O atacante acabou servindo de argumento para que grande parte do elenco evitasse entrevistas e concentrasse sobre o camisa 10 a atenção dos jornalistas.
“O grupo é maravilhoso, estamos crescendo na competição”, comentou.
Embora assuma uma espécie de papel de “escudo” fora de campo, ele reconhece que sua condição atual é diferente dentro dele. Em sua quarta Copa do Mundo, é a primeira vez que inicia o torneio entre os reservas, sem uma perspectiva clara de se tornar titular, disputando espaço na equipe.
“Foi uma sensação diferente. Meu primeiro jogo de Copa em que fico no banco. E, às vezes, não sei muito o que fazer. Mas foi muito legal. Eu estou muito feliz de estar aqui, de estar no grupo, era o meu objetivo. E, agora, é seguir trabalhando para melhorar cada vez mais”, comentou.
Nove anos mais velho que Vinicius Junior, que o tem como principal ídolo, Neymar, aos 34 anos, vê no camisa 7 a principal referência da seleção neste Mundial.
“O Vini hoje é o nosso principal jogador e está numa fase incrível. Vem nos ajudando, decidindo os jogos. Isso é importante para nós”, disse.

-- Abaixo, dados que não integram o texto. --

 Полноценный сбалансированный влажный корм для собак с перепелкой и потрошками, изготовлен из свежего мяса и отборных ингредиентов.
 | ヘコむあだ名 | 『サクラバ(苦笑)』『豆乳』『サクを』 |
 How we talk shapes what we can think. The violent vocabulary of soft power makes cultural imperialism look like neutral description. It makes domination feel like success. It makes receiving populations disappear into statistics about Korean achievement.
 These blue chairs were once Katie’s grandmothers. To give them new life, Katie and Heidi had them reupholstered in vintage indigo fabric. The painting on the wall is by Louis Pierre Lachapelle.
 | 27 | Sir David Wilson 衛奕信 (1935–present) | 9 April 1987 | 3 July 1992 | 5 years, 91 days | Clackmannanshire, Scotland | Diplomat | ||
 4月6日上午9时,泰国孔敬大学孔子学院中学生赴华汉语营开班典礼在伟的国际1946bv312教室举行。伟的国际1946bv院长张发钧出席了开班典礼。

Neymar, porém, alimenta a esperança de voltar a ser decisivo pela seleção. Ausente nos duelos contra Marrocos e Haiti, nas duas primeiras rodadas do Mundial, quando ainda se recuperava de uma lesão na panturrilha direita, o jogador afirmou que está pronto para atuar durante um jogo inteiro.

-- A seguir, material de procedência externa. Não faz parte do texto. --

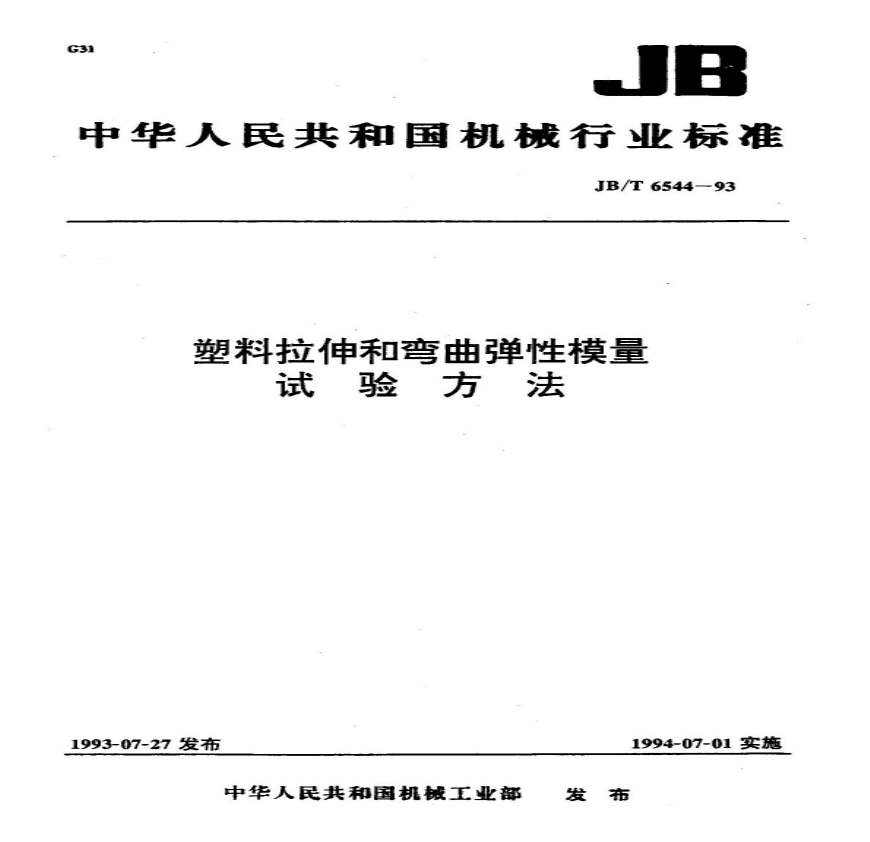 > JB/T 6544-1993 塑料拉伸和弯曲弹性模量 试验方法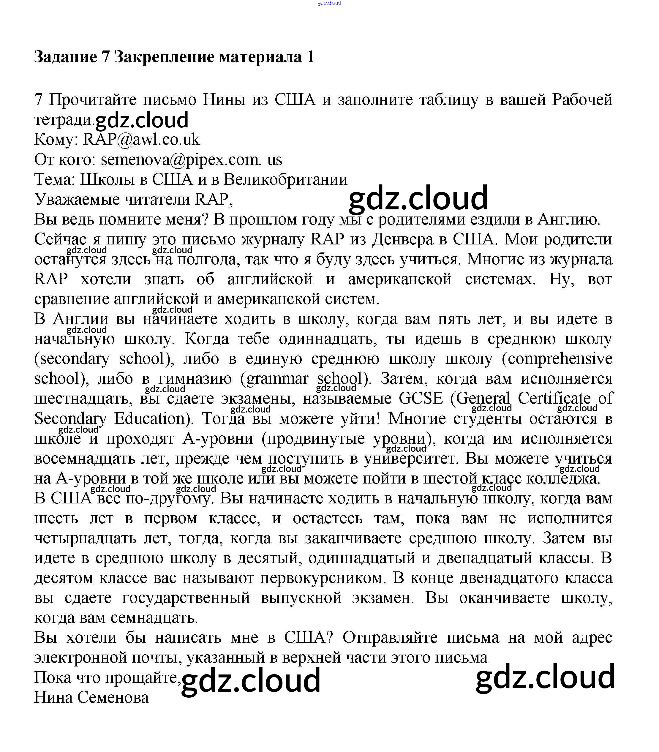 Ответ на задание 7 Учебник Английский язык  за 7 (седьмой) класс Вербицкая, Гаярделли, Редли, Миндрул, Савчук Forward  2017 Часть 1, 2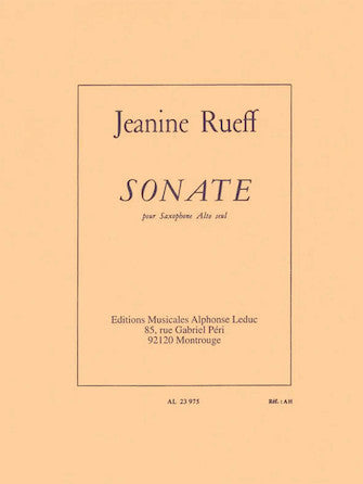 Composed by Jeanine Rueff, Sonata for Alto Saxophone solo is a piece for advanced players lasting 12 and a half minutes. Written in 9 pages, this piece, quite challenging (tempo, key ranges), would be perfect for musicians of advanced level and above, while requiring some serious work to obtain the correct result. Wonderfully composed, very technical yet very lyrical, this piece is really enjoyable and can be used for recital or contests. Jeanine Rueff composed numerous pieces for Saxophones that were often used in contests, as well as many pieces for Saxhorn, Clarinet, Horn and Cornet.
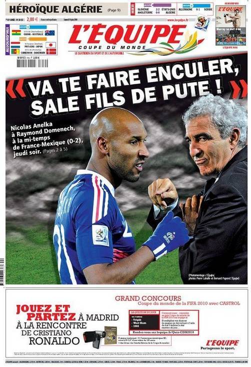 Las semanas previas al Mundial, Domenech decidió no incluir en su grupo a: tres excelentes jugadores de origen magrebí: Samir Nasri (Arsenal), Karim Benzema (Real Madrid) y Hatem Ben Arfa (Marsella), prefiriéndoles a jugadores que no rindieron para nada en Sudáfrica, a saber respectivamente Sindney Govou, Nicolas Anelka y Mathieu Valbuena. El origen norafricano de los tres jugadores descartados alimentó la sospecha de que la decisión fue inspirada por el clan "africano" de la selección...Leer más en rfi

Segundo ele, depois da partida contra a Escócia, ele se sentiu bem e garante que tem condições de atuar por “200 minutos”.

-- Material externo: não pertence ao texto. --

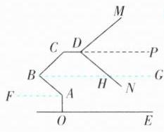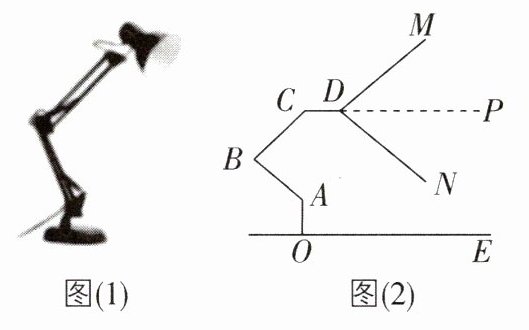 3新考法[2023浙江温州调研,较难]如图(1)是一盏可调节台灯,图(2)为示意图. 固定底座AO⊥OE于点O,BA与CB是分别可绕点A和B旋转的调节杆. 在调节过程中,灯体CD始终保持平行于OE,台灯最外侧光线DM,DN组成的∠MDN始终保持不变. 如图(2),调节台灯使光线DN//BA,此时∠BAO = 130°,且CD的延长线恰好是∠MDN的平分线,则∠MDN = ________。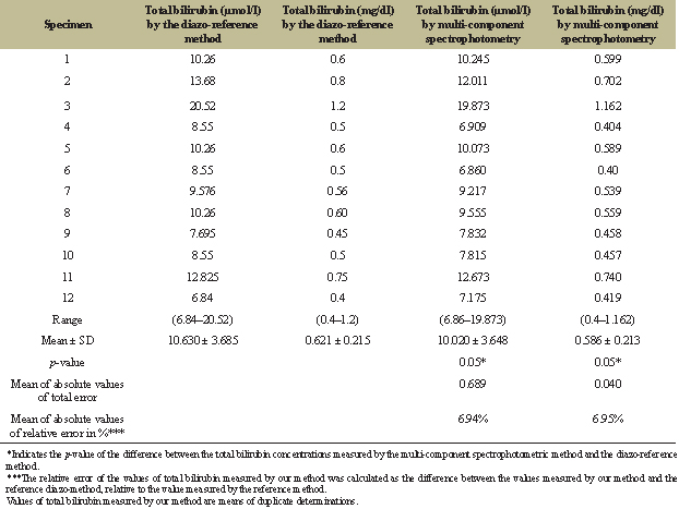 | Table 4: The total bilirubin concentrations in normal adult human sera as determined by the multi-component spectrophotometric method and diazo-reference method. [Click here to view] |
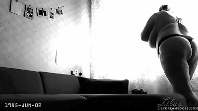 round granny with saggy enormous boobs and chubby arse spreads cunt

Ele, no entanto, só fez dois treinos em tempo integral com o elenco até agora. O atacante já se apresentou à seleção com o problema na panturrilha direita, lesão que ele sofreu na véspera da convocação para a Copa do Mundo, anunciada por Carlo Ancelotti em 18 de maio.
Para Ancelotti, porém, seria importante contar com Neymar mesmo que fosse a partir do mata-mata. Ele também elogiou a postura do atleta.
“Trabalhou e treinou para se recuperar com muito profissionalismo e muita seriedade. Ele, por suas qualidades, pode ajudar o time nessa Copa do Mundo. Jogou bem os poucos minutos que jogou”, afirmou o técnico após o jogo com a Escócia.
O comandante pensa em usar Neymar na vaga de Matheus Cunha, o escolhido para ser substituído por ele contra a Escócia, ou como um dos atacantes mais adiantados. Diante dos escoceses, Rayan e Vini Junior ocuparam essas funções.
Com as boas atuações do camisa 7 e de Matheus Cunha, o principal concorrente de Neymar é Rayan, jovem de 19 anos, que está em sua primeira Copa.
A seleção brasileira volta a campo na segunda (29), quando inicia sua jornada no mata-mata em Houston, no Texas. O adversário sairá do Grupo F, com três possibilidades: Holanda, Japão ou Suécia.
Ancelotti deu folga para o elenco nesta quinta-feira (25) e vai começar a desenhar o time para o mata-mata a partir desta sexta (26), em Nova Jersey, onde a equipe está baseada durante a Copa do Mundo.